(Stored dataset items)
━━━
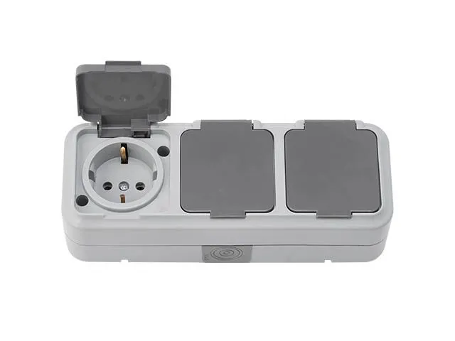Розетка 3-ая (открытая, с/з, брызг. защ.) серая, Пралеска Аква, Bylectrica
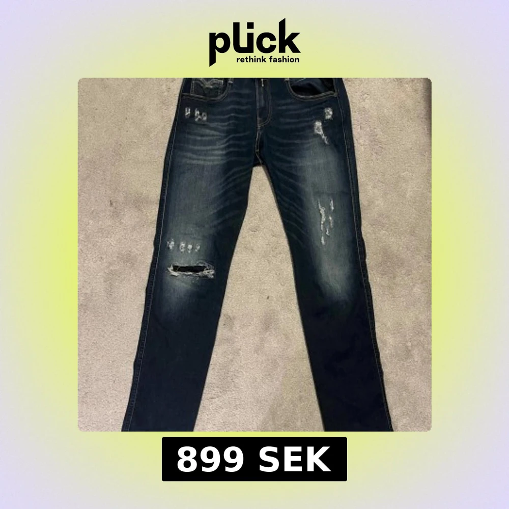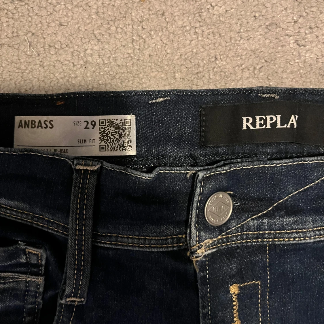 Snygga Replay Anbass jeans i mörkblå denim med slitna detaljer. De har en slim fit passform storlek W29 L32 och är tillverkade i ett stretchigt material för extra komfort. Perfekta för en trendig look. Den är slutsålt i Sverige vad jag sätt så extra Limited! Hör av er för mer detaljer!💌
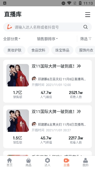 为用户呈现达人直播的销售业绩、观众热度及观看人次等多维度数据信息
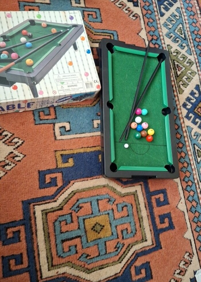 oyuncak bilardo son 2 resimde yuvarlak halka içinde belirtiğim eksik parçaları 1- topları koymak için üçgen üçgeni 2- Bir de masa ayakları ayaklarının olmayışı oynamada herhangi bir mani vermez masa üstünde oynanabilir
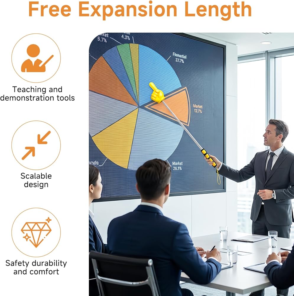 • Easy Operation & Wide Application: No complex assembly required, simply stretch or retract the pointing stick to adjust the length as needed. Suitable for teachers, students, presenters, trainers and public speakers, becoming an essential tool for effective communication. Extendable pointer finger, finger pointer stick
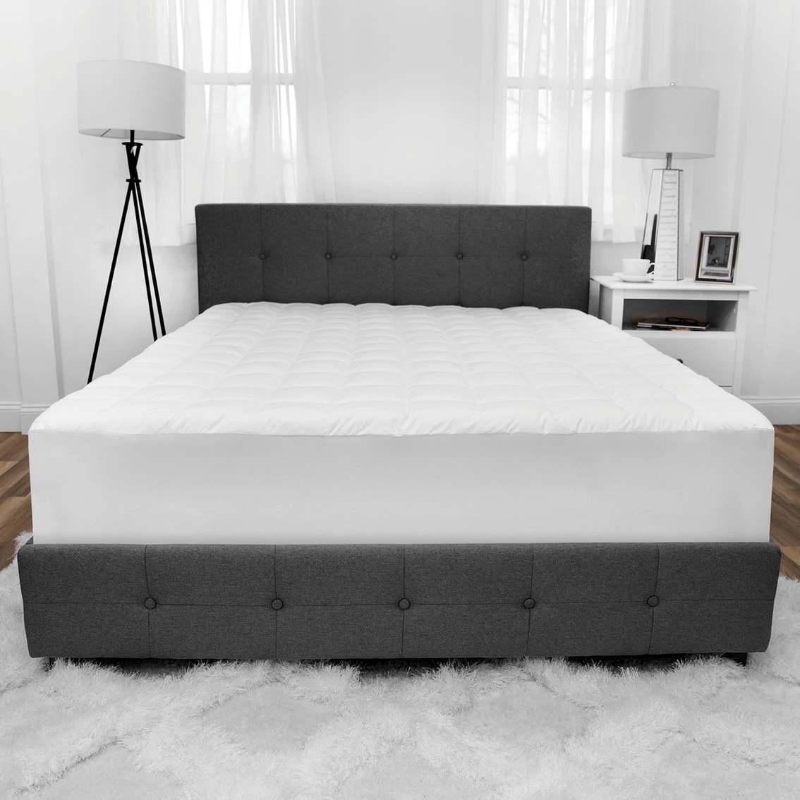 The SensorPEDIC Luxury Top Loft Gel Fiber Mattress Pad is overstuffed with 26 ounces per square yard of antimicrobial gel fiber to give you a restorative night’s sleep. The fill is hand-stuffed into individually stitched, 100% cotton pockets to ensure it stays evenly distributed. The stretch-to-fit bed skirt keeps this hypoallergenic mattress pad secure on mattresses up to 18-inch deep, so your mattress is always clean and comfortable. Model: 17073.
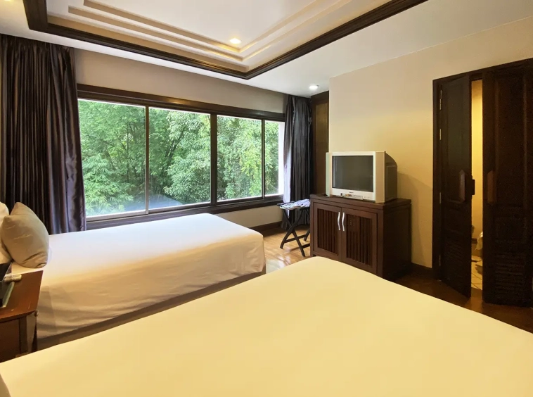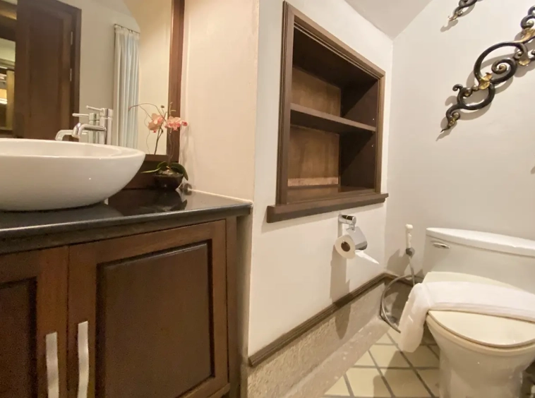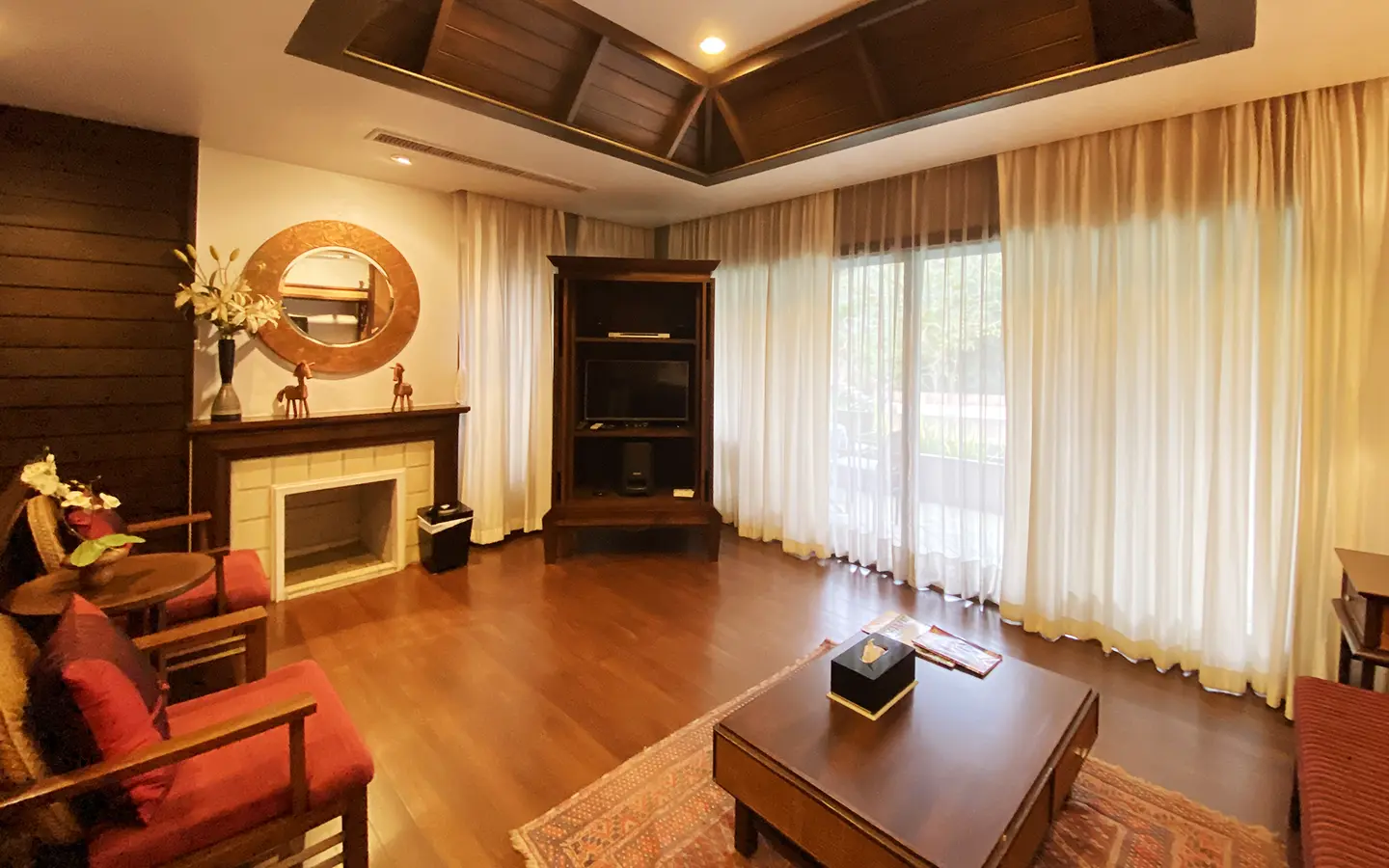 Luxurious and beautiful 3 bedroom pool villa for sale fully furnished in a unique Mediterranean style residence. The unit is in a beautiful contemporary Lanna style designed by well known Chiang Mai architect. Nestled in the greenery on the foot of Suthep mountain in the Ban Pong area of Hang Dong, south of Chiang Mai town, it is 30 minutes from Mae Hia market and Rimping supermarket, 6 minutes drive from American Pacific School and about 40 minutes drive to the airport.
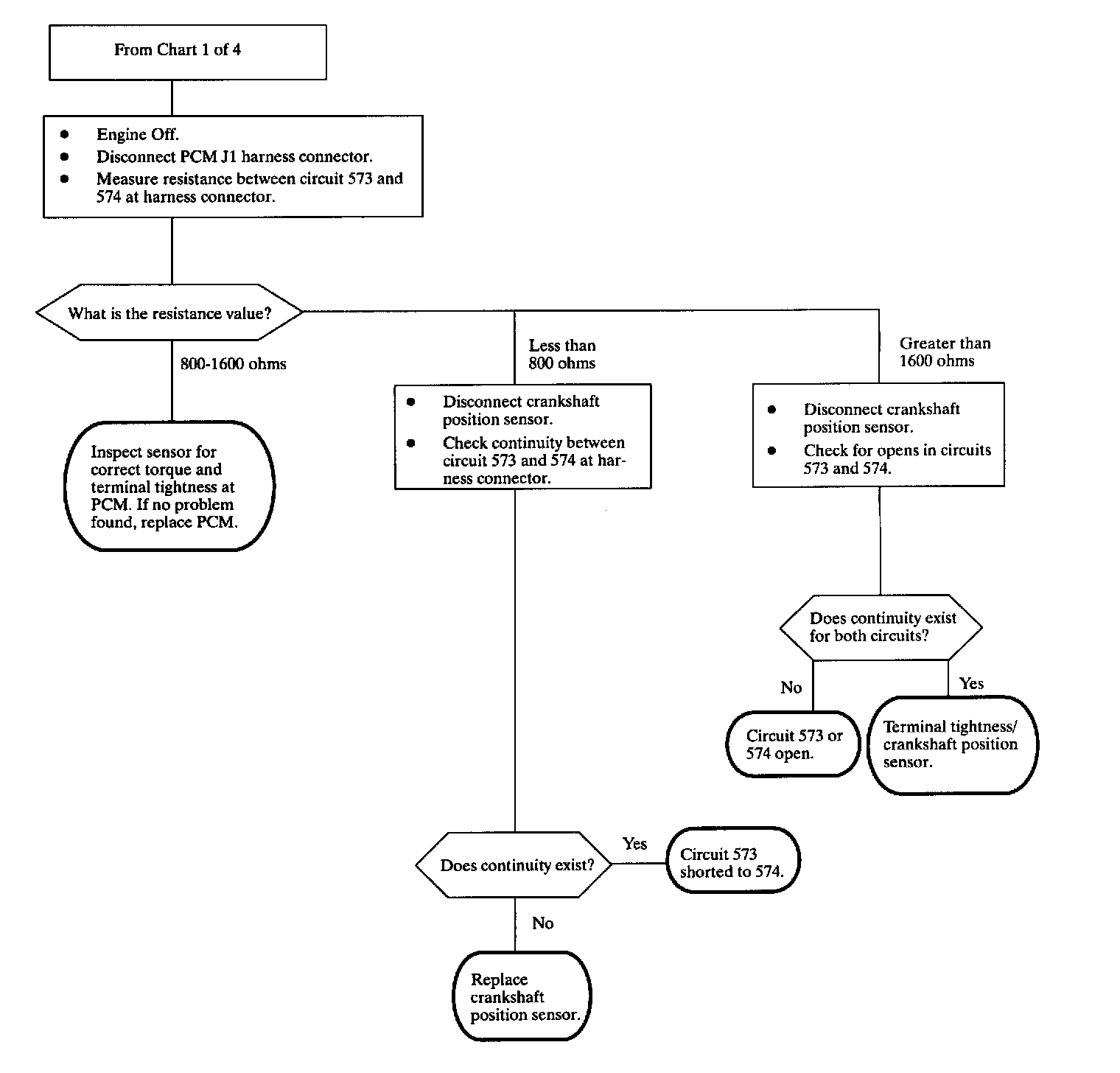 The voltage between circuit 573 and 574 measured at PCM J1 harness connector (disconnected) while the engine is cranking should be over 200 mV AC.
━━━
Begin with the line that contains "finger pointer stick" and repeat every line through the end of the data, exactly and only those lines, leaving out the pictures.

Worked solution
 • Easy Operation & Wide Application: No complex assembly required, simply stretch or retract the pointing stick to adjust the length as needed. Suitable for teachers, students, presenters, trainers and public speakers, becoming an essential tool for effective communication. Extendable pointer finger, finger pointer stick
 The SensorPEDIC Luxury Top Loft Gel Fiber Mattress Pad is overstuffed with 26 ounces per square yard of antimicrobial gel fiber to give you a restorative night’s sleep. The fill is hand-stuffed into individually stitched, 100% cotton pockets to ensure it stays evenly distributed. The stretch-to-fit bed skirt keeps this hypoallergenic mattress pad secure on mattresses up to 18-inch deep, so your mattress is always clean and comfortable. Model: 17073.
 Luxurious and beautiful 3 bedroom pool villa for sale fully furnished in a unique Mediterranean style residence. The unit is in a beautiful contemporary Lanna style designed by well known Chiang Mai architect. Nestled in the greenery on the foot of Suthep mountain in the Ban Pong area of Hang Dong, south of Chiang Mai town, it is 30 minutes from Mae Hia market and Rimping supermarket, 6 minutes drive from American Pacific School and about 40 minutes drive to the airport.
 The voltage between circuit 573 and 574 measured at PCM J1 harness connector (disconnected) while the engine is cranking should be over 200 mV AC.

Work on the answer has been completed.